In Kooperation mit der Kunstuniversität Linz wurde ein einjähriger SHUTTLE Lehrgang für innovative Webkultur eingerichtet. Dieser Universitätslehrgang im Fachbereich Weben ist berufsbegleitend auf Modulbasis zu absolvieren und richtet sich an Personen mit Erstausbildung im Textilbereich, die ihre Kenntnisse erweitern, Zusatzqualifikationen erwerben und neue Kontakte knüpfen möchten. Ziel des Lehrgangs ist es, so Christina Leitner, treibende Kraft nicht nur des SHUTTLE Lehrgangs, die Schnittstelle zwischen maschineller Fertigung, Gestaltung, Wissenschaft und Forschung zu stärken und voneinander getrennte Ausbildungsbereiche näher aneinander zu führen. Dieser im Zweijahrestakt im Laufe eines Studienjahres (Oktober bis Juli) in 5 Modulen à 5 Tage abgehaltene Lehrgang stellt eine neue Form der Textilausbildung dar und schließt mit dem Titel „akademisch geprüfte/r Textilfachfrau/mann“ ab. Eine gemeinsame Sprache, vom Entwurf bis zur technischen Umsetzung, verdichtet den komplexen Designprozess und sorgt für mehr Verständnis auf allen Seiten, der Technischen, der Wirtschaftlichen und der Künstlerischen. So gesehen ist der SHUTTLE Lehrgang auch eine perfekte Ergänzung und Vertiefung sowohl für das Bachelorstudium als auch für das Diplomstudium an Universitäten, die sich mit textilem Gestalten auseinandersetzen.

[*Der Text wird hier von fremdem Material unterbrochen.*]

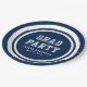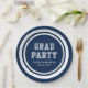 Die Papiertafel "Graduation Party" mit weißen Streifen und den Worten "Grad Party" vor einer bearbeitbaren Hintergrundfarbe (klicken Sie auf Anpassen, um sie zu ändern). Personalisieren Sie es, indem Sie den Platzhalter-Text ersetzen. Für weitere Optionen, wie zum Beispiel den Schriftart zu ändern und ihn zu vergrößern oder zu verändern, klicken Sie auf den Button "Anpassen". *Bitte beachten Sie, dass das Zazzle-Wasserzeichen, das in der Zoomvorschau angezeigt wird, NICHT auf dem gedruckten Endprodukt erscheint. © Rosewood and Citrus

Zudem bieten Vorkurse ein Basiswissen in Bindungslehre, Materialkunde, Maschinenkunde und Gestaltungslehre. Die Vorkurse können einzeln gebucht werden und stehen auch Personen offen, die nicht am gesamten Lehrgang interessiert sind.
Das Textile Zentrum Haslach ist zu einer Institution für das Weben geworden. Es ist nicht nur ein Erlebnispark rund um die große Webtradition des Mühlviertels im guten Wortsinn. Hier wird Textilgeschichte aufbereitet und an den Möglichkeiten des Webens für die Zukunft gearbeitet. In Haslach werden historische Fäden aufgenommen, weitergesponnen und verwoben.
Am 3. Dezember wird dem Webereimuseum der wohl verdiente Hauptpreis des Österreichischen Museumspreises 2014 feierlich verliehen, und gleichzeitig die Sonderschau: „Die Welt in kleinen Bildern – gewebte Miniaturen und Etiketten aus der Sammlung Josef Jüngling“ eröffnet.
Sie zeigt feine, aufwändig hergestellte Jacquardgewebe, die verschiedenste Motive beinhalten: Portraits von Marilyn Monroe bis Leonardo da Vinci, verschiedenste Handwerkszenen, Tiermotive, Wappen und vieles mehr – fein wie Zeichnungen, aus Tausenden Seidenfäden gewebt. "Die Welt in kleinen Bildern" ist die erste Ausstellung in der Reihe "Blick ins Archiv", bei der jährlich spezielle Teile aus den Beständen des Textilen Archivs Haslach für das Publikum zugänglich gemacht werden sollen.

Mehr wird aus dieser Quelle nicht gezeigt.